Embracing the Now to Propel Forward
I’m sharing the following because I know I’m not alone. And sometimes saying things “out loud” can help in the process. I’ve said before to Trust in the Process. But what happens when the Process needs to change and we need to develop a new one, one that at times might feel like we’re back to the drawing board, back to blind trust, back to fear taking over the excitement of the unknown.
I wrote the following a few weeks ago:
I cried at the track today, before I even started my workout. The smell of the infield grass, the sound of my foot strike on the track surface as I did drills; with it all memories come rushing back through the veins; the track is not just in my blood, the lessons it has taught are woven into my fibers, its magic lies deep within my soul and often times at the forefront of my heart. It has been months since I visited the track for my own workout. I’ve returned as the current goal has called me here. I cried because of the depth and beauty of the story, but more importantly because I know there is a new story to be written. The path to this space where I can feel all this emotion, but not look back with expectation to be something I was - a number, a certain physique, afraid. No I am brought to tears, because of the shift of focus and wonder of what will be in the future is overwhelmingly liberating. I am working within the person I am in the moment and towards the beauty that will shine in the future. It’s exciting to be living in what will be without an overshadowing of what was. Even if I find a familiar number, I am not the person that achieved it before. I am a different version of myself honoring where I’ve come from, but living and running for where I am now.

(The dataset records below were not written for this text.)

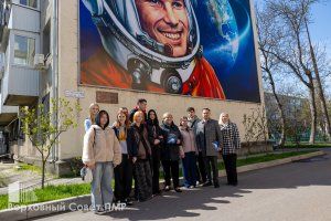 К 60-летию первого полета в космос на бульваре Гагарина в 2021 году открыли 11-метровый баннер с изображением космического первопроходца. На фасаде дома №71 по улице Свердлова теперь красуется такой же, вновь напечатанный. За 5 лет изображение выцвело. Свежий вид ему вернули по обращению председателя Республиканской партии «Обновление» Галины Антюфеевой.
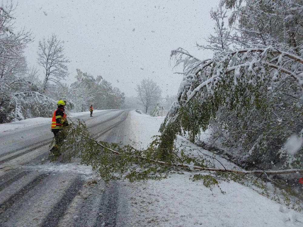 V Karlovarském kraji sněžilo, silnice klouzaly a stromy uzavřely některé tratě
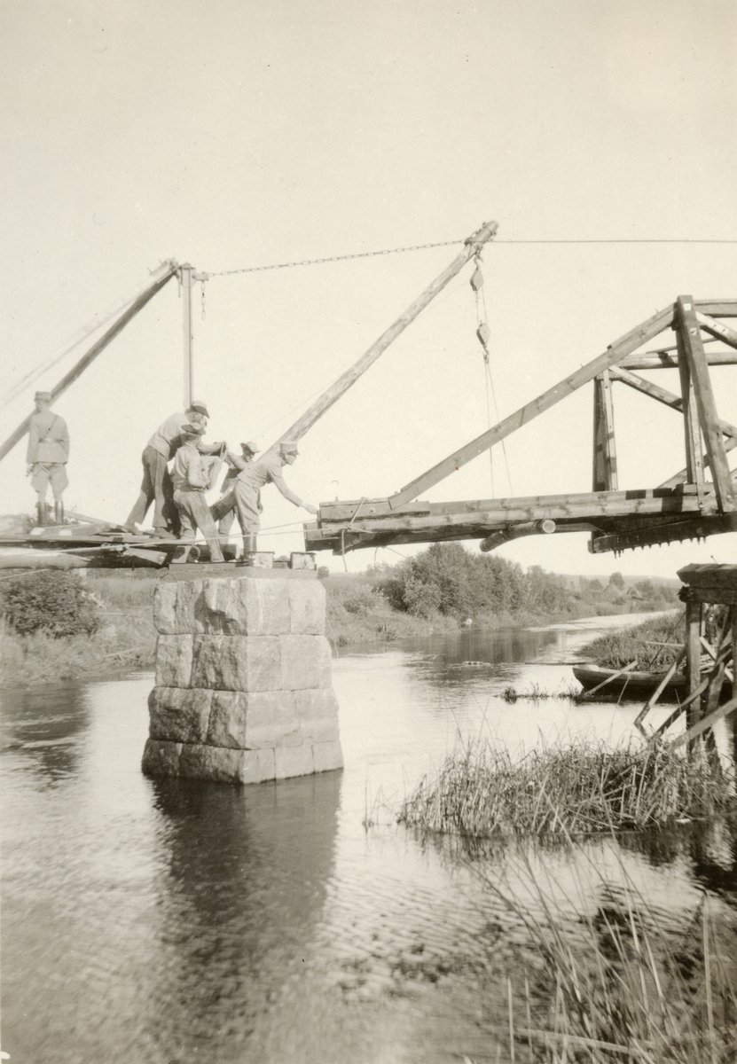 Titel: Text i fotoalbum: "Brobygget vid Gripenberg. Nya spannet vindas ut på sin plats."
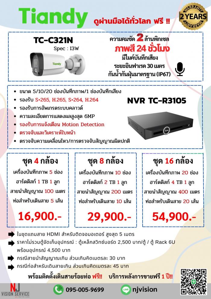 ชุดกล้อง Tiandy IP CAMERA 2ล้านพิกเซล ภาพสี 24 ชั่วโมง (มีไมค์บันทึกเสียง)

Since then I continue to struggle with the pull to look at prior year’s numbers - I’m a runner competitive with myself.
I read it now and I’m so glad I took the time to write down that emotion - it’s powerful. I feel empowered reading it; like, “Yes!” I’ve got it within me to embrace the now and trust in the new.
I’m going to continue to work on not being competitive with where I was. This does not mean I’m giving up or taking a back seat to getting older. I’m still setting goals and working hard. The training schedule looks different and I can’t compare the schedule to what was before either. Instead, I can relax into the added recovery that allows me to keep doing what I love. I’m still going to be competitive with myself, but with who I am today. Am I going to have moments where I look back? Of course, I’m human. But I find enjoying today and writing goals for tomorrow is far more productive and brings a lightness to my step that will no doubt propel me forward.